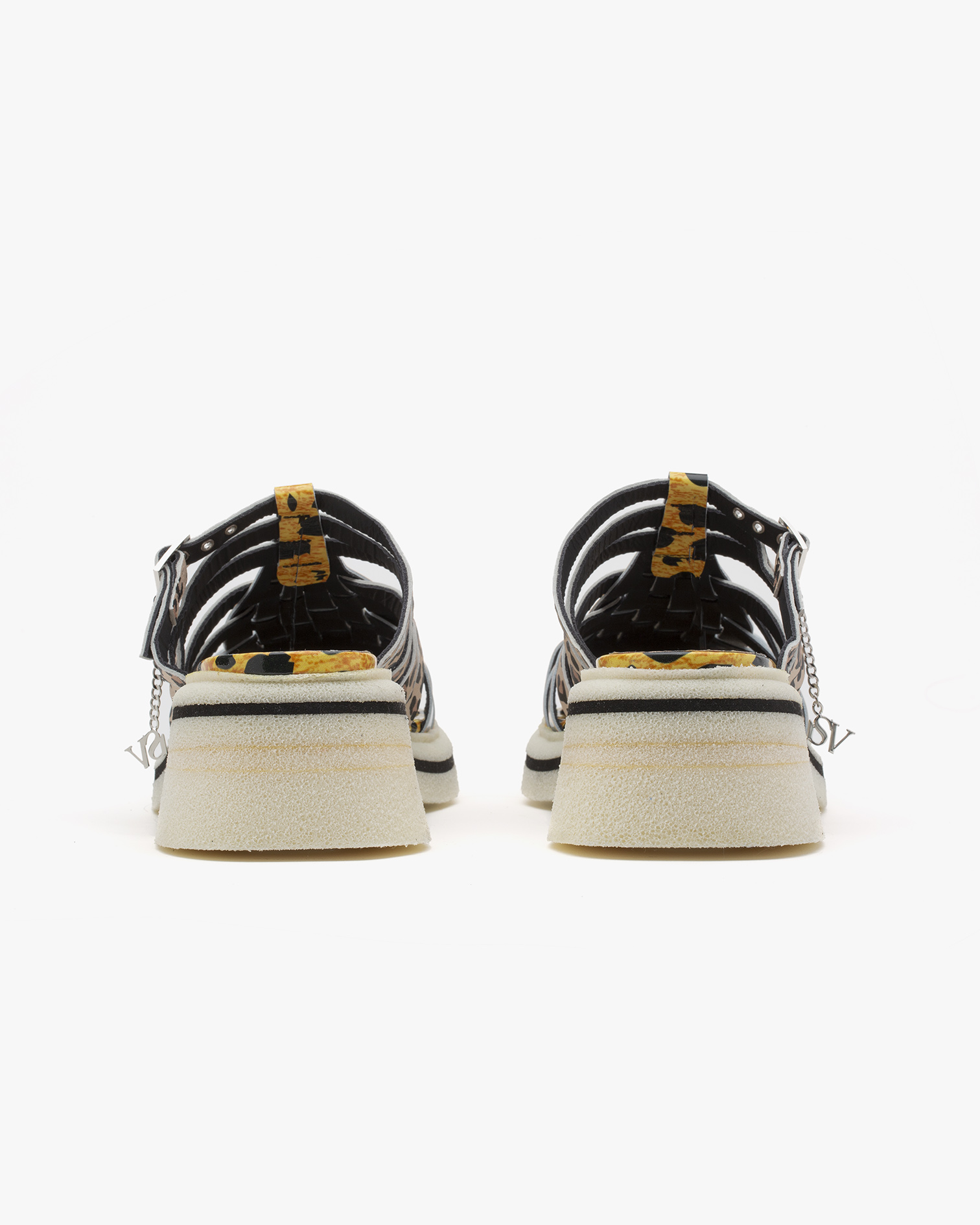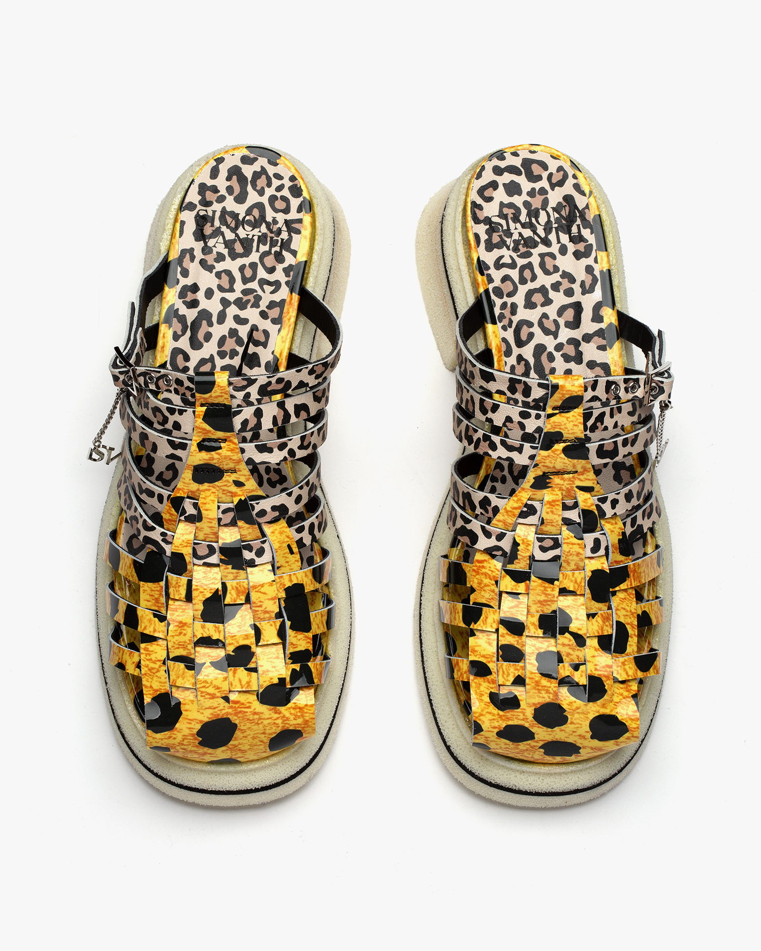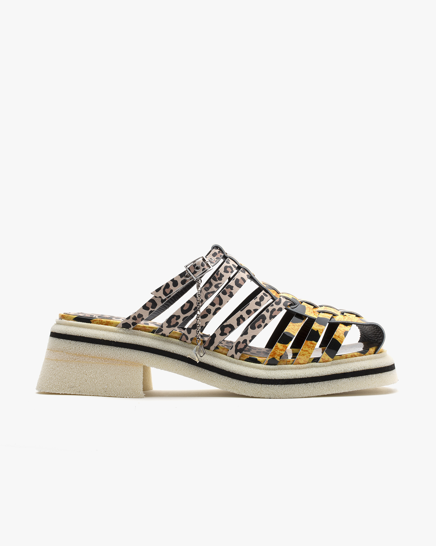 Murano Cheetah sabot is a new, Millenium Diva-mood, version of Simona Vanth’s Venetian fisherman sandal. In this case the sole remains identical, manufactured from one of our favourite materials, Super Crepe, a locally-made ultralight re-interpretation of traditional rubber crepe soles, with a traditional VenEtian navy pinstripe. The woven upper is made from a combination of two different leopard skin patterns, printed on premium Italian patent and napa leathers.     - Made in Italy - Locally-made ultralight EVA sole - Premium Italian patent and napa leather - Removable ankle SV charm
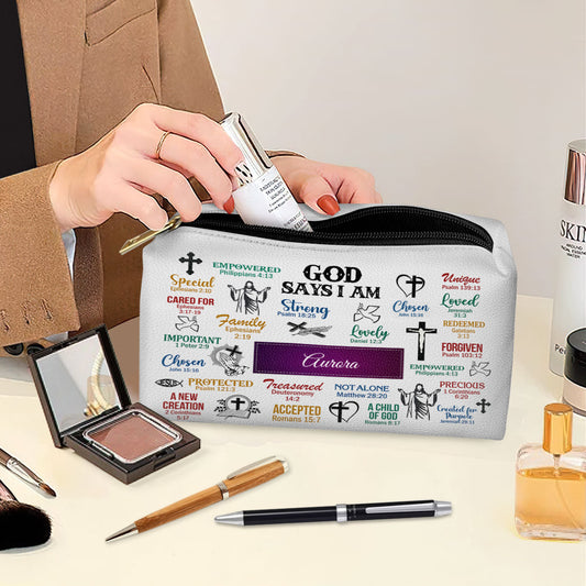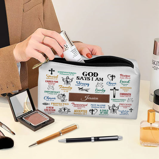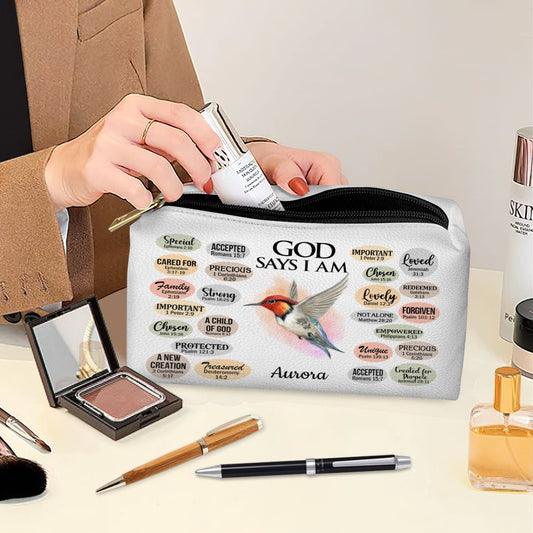 What God Says About You Personalized Leather Pouch With Zipper - Christ Gifts For Religious Women
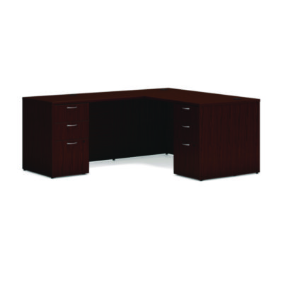 Mod offers any workspace, big or small, straightforward, no-nonsense design, exceptional durability and versatility that stands the test of time. This double pedestal L-station desking solution lets you protect what's important and provides easy access to personal items, office supplies, and more. Cancel cord confusion with handy desktop grommets designed to organized power and data cables.
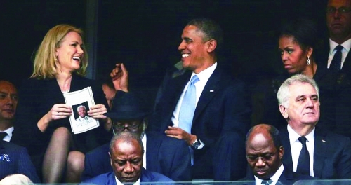 在2013年12月10日南非前总统曼德拉的追悼会上,52岁的奥巴马与46岁的丹麦女首相施密特,不但在看台上大玩亲密自拍,而且或公然调笑或窃窃私语,奥巴马还偶尔不经意地将手搭到女首相的肩膀上。眼见此景,坐在一旁的总统夫人米歇尔,眼睛里简直能喷出火来。网友调侃:“奥巴马回家后这一顿跪搓板,肯定是逃不了了。”
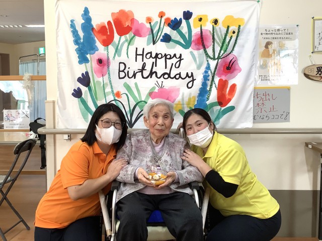 今月は、入所者3名様、通所リハビリ利用者3名様がご誕生日を迎えられました。

================================

Every line above should be returned exactly; the pictures stay out.

Answer to the exercise:
 Murano Cheetah sabot is a new, Millenium Diva-mood, version of Simona Vanth’s Venetian fisherman sandal. In this case the sole remains identical, manufactured from one of our favourite materials, Super Crepe, a locally-made ultralight re-interpretation of traditional rubber crepe soles, with a traditional VenEtian navy pinstripe. The woven upper is made from a combination of two different leopard skin patterns, printed on premium Italian patent and napa leathers.     - Made in Italy - Locally-made ultralight EVA sole - Premium Italian patent and napa leather - Removable ankle SV charm
 What God Says About You Personalized Leather Pouch With Zipper - Christ Gifts For Religious Women
 Mod offers any workspace, big or small, straightforward, no-nonsense design, exceptional durability and versatility that stands the test of time. This double pedestal L-station desking solution lets you protect what's important and provides easy access to personal items, office supplies, and more. Cancel cord confusion with handy desktop grommets designed to organized power and data cables.
 在2013年12月10日南非前总统曼德拉的追悼会上,52岁的奥巴马与46岁的丹麦女首相施密特,不但在看台上大玩亲密自拍,而且或公然调笑或窃窃私语,奥巴马还偶尔不经意地将手搭到女首相的肩膀上。眼见此景,坐在一旁的总统夫人米歇尔,眼睛里简直能喷出火来。网友调侃:“奥巴马回家后这一顿跪搓板,肯定是逃不了了。”
 今月は、入所者3名様、通所リハビリ利用者3名様がご誕生日を迎えられました。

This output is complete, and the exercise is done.